Their children were:

- Christiana Herringham (1852–1929), artist and patron.
- Mary Elizabeth Powell (1854–1907), embroiderer, who married Hugh Thackeray Turner. Their daughter Ruth married George Mallory.
- Charles Marten Powell (born 1855), surgeon. He graduated B.A. at Corpus Christi College, Oxford in 1879.
- Thomas Edmund Powell (born 1857), solicitor. He graduated B.A. at Oriel College, Oxford in 1880.
- Eleanor Grace Powell (1859–1945). At the time of the 1881 census she was a school teacher in Lewisham. She took a Class 1 in history in the Oxford University Women's Examination of 1886, from Somerville Hall. She was then a tutor there, from 1886 to 1892. In the 1890s she contributed to the Dictionary of Political Economy (85 articles) and Dictionary of National Biography. She was active in the settlement movement with Margaret Sewell.
- Rosamond Emma Powell, married 1894 William Alfred Wills, M.D.

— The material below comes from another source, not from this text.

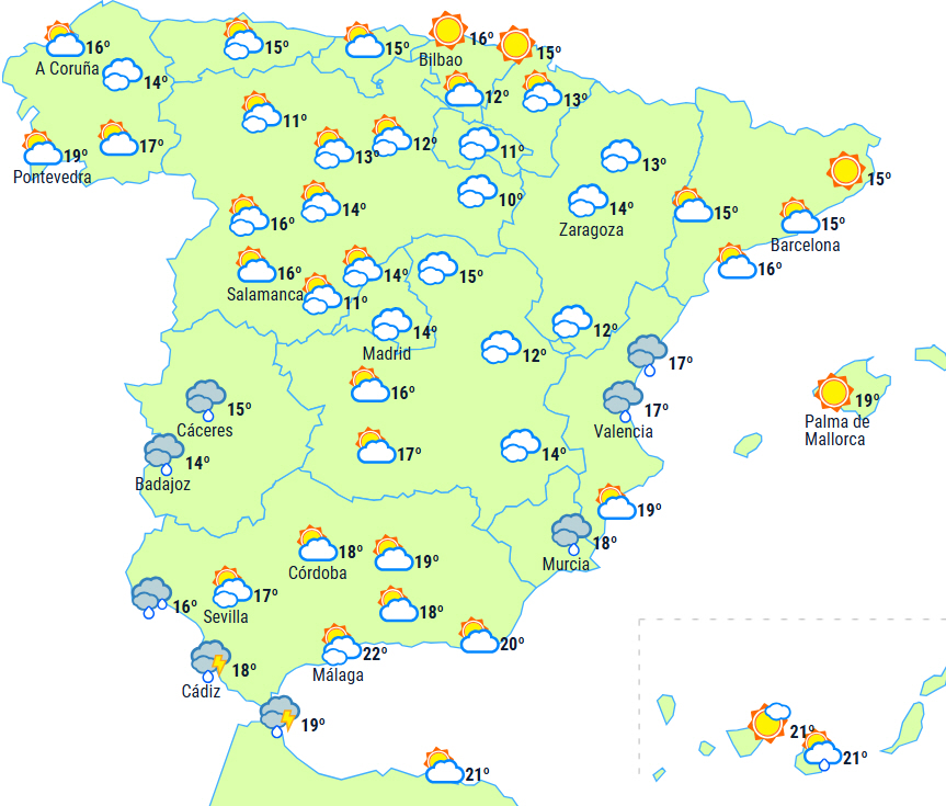 Der forventes til gengæld flere byger i det vestlige af de centrale bjerge, Extremadura og det vestlige Andalusien, endda lokalt kraftige eller vedvarende og ledsaget af tordenvejr i Huelva.
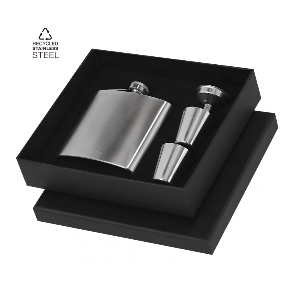 Features Flask set with accessories in Recycled Stainless Steel. Includes:- 175 ml flask with drip-free system and screw closure for safe storage without spills.- Two measuring cups of 30 ml capacity.- Dosage funnel, which facilitates filling.Includes Recycled Stainless Steel label. Presented in a black box.Steel is one of the most demanded materials and can be found almost everywhere, from daily-use products to large constructions. With countless properties, among which durability and high level of reusability stand out, making it a highly valued alternative in sustainability solutions. Properly treated, it allows obtaining new resources of infinite use. 175 ml. 4 Accessories Recycled Stainless Steel Final Packing 1 set/ Black Box Master Box Pcs: 30 Height: 24 cm / Width: 19 cm / Length: 44 cm / Weight: 7.3 kg Pallet Pcs: 2520 Packages: 84 Weight Aprox: 613.2 kg

- Herbert Andrews Powell (born 1863), physician. He graduated B.A. at Corpus Christi College, Oxford in 1885. At Oxford he knew Henry Newbolt, who visited the Powell family around 1882, finding them "a special kind of civilisation", and the father "Olympian", terminating a dance at 1 a.m. and switching off the lights.
- Agnes Margaret Powell (1866–1918), married 1889 Charles Wolryche Dixon: he was the second son of George Dixon. She wrote The Canteeners (1917), a memoir of her Red Cross experiences in World War I.
- Theodora Powell (1871–1920), studied at Somerville Hall.